Today is a “meh” kinda day.
Last night’s thoughts weighing upon me.
Plus, it’s my mom’s birthday today. Despite how ridiculously toxic she’s proven herself to be, I still feel really weird about not speaking to her today. I don’t know why, she abandoned me a year ago and you know, has been nothing but a cunt.
Maybe I have this pathetic, subconscious desire for her to turn around one day and be like, “I left him, I did the right thing for myself, you, and your brother and sister and we can all be a real family again! I’m sorry for everything, sorry for what he put you through, and sorry for what you have to live with because of it”
Yeah, definitely delusional. Never going to happen.
I feel so inadequate, like, why am I bothering to be around anyone? Of course I’m just pushing people away because of these abandonment issues.
Had my biological father lose interest in seeing me at age 11 (well, from 3 but he sort of bothered with contact for a few years on and off) and yeah, it still hurts but he’s not a great person anyway. I established contact to see if I’d have any different feelings about him. I don’t. He’s nothing but lies, ego, and excuses. We have VERY little in common, aside from physical looks. He’s misogynistic, racist, homophobic.. Everything I can’t stand. It was probably a huge bullet dodged not being raised closely by him, who knows who I would’ve become?

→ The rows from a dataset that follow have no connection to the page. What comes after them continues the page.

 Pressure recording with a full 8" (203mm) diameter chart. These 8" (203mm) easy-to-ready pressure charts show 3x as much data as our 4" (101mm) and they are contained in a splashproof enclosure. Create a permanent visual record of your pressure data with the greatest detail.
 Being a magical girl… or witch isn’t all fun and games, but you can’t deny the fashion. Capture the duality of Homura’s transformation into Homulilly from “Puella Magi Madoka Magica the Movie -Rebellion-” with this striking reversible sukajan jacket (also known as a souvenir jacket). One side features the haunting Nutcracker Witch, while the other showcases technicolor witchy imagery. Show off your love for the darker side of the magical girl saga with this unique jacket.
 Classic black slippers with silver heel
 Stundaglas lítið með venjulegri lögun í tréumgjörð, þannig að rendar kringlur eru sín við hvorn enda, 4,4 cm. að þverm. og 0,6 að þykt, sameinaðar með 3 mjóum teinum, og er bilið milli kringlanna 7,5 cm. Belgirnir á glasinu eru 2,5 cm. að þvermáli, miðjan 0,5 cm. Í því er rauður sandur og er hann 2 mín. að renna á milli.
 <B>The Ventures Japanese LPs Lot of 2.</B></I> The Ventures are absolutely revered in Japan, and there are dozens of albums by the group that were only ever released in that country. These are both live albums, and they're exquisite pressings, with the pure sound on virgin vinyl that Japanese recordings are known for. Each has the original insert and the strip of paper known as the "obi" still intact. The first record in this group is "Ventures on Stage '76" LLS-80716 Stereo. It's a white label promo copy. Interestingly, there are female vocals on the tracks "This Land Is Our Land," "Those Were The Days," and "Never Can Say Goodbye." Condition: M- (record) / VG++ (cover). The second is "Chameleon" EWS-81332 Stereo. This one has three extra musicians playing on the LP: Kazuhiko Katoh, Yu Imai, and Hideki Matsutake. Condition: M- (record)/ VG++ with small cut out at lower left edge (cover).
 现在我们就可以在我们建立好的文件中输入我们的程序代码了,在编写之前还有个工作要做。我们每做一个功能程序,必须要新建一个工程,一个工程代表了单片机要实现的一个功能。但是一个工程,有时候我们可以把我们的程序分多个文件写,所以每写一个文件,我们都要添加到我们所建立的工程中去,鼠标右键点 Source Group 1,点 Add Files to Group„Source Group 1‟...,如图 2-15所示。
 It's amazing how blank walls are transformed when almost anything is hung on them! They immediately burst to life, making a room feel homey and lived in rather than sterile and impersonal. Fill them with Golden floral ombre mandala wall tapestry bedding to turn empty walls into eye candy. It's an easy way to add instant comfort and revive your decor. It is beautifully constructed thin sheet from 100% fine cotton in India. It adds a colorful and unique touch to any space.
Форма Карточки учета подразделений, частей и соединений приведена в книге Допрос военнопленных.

Still, with my mum fucking me off out of her life for the sake of an abusive alcoholic doesn’t exactly help with my abandonment issues.
In a way, I feel like it just confirms that no matter what I do, no matter who I try to be, nobody will ever truly put me first. Or really love me. Or want to stick around long term.
Words mean pretty much nothing to me but I’d say actions don’t either (which isn’t really fair of me) because I just think everyone’s lying anyway.
Then, the icing on the cake, my friend of 10+ years just ditches me over a minor disagreement. Even her mother doesn’t agree with how she’s treated me (she’s a wonderful woman who I’ve always considered a good friend also).
It’s not really much of a wonder why I developed attachment disorder (and I suppose, bpd).